**DATASET EXTRACT:**
========================

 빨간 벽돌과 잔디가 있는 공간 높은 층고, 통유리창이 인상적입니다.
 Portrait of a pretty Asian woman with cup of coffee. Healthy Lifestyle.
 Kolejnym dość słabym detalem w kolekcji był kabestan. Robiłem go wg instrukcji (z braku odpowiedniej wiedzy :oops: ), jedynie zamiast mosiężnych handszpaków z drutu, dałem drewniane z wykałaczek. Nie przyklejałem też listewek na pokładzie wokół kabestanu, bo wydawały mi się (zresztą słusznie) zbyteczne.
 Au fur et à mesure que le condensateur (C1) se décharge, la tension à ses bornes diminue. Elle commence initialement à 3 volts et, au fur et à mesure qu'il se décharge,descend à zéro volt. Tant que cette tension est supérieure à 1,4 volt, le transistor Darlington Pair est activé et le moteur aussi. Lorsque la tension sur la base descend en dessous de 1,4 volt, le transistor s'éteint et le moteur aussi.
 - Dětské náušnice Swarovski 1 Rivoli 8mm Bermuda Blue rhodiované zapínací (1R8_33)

========================

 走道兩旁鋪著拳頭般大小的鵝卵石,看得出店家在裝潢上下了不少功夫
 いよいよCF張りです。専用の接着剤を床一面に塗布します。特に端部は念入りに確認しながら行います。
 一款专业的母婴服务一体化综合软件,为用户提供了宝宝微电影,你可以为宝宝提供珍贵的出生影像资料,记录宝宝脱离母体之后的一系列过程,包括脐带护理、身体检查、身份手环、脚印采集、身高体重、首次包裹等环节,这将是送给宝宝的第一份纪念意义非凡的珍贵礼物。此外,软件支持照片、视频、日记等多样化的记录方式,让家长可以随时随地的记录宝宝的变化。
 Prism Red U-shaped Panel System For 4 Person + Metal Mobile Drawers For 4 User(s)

========================

**YOUR TASK:**
Reproduce, word for word and in full, only the lines above that start at the line with "빨간 벽돌과 잔디가 있는 공간 높은 층고, 통유리창이 인상적입니다." and run through the line with "- Dětské náušnice", both ends included.

**YOUR RESPONSE:**
 빨간 벽돌과 잔디가 있는 공간 높은 층고, 통유리창이 인상적입니다.
 Portrait of a pretty Asian woman with cup of coffee. Healthy Lifestyle.
 Kolejnym dość słabym detalem w kolekcji był kabestan. Robiłem go wg instrukcji (z braku odpowiedniej wiedzy :oops: ), jedynie zamiast mosiężnych handszpaków z drutu, dałem drewniane z wykałaczek. Nie przyklejałem też listewek na pokładzie wokół kabestanu, bo wydawały mi się (zresztą słusznie) zbyteczne.
 Au fur et à mesure que le condensateur (C1) se décharge, la tension à ses bornes diminue. Elle commence initialement à 3 volts et, au fur et à mesure qu'il se décharge,descend à zéro volt. Tant que cette tension est supérieure à 1,4 volt, le transistor Darlington Pair est activé et le moteur aussi. Lorsque la tension sur la base descend en dessous de 1,4 volt, le transistor s'éteint et le moteur aussi.
 - Dětské náušnice Swarovski 1 Rivoli 8mm Bermuda Blue rhodiované zapínací (1R8_33)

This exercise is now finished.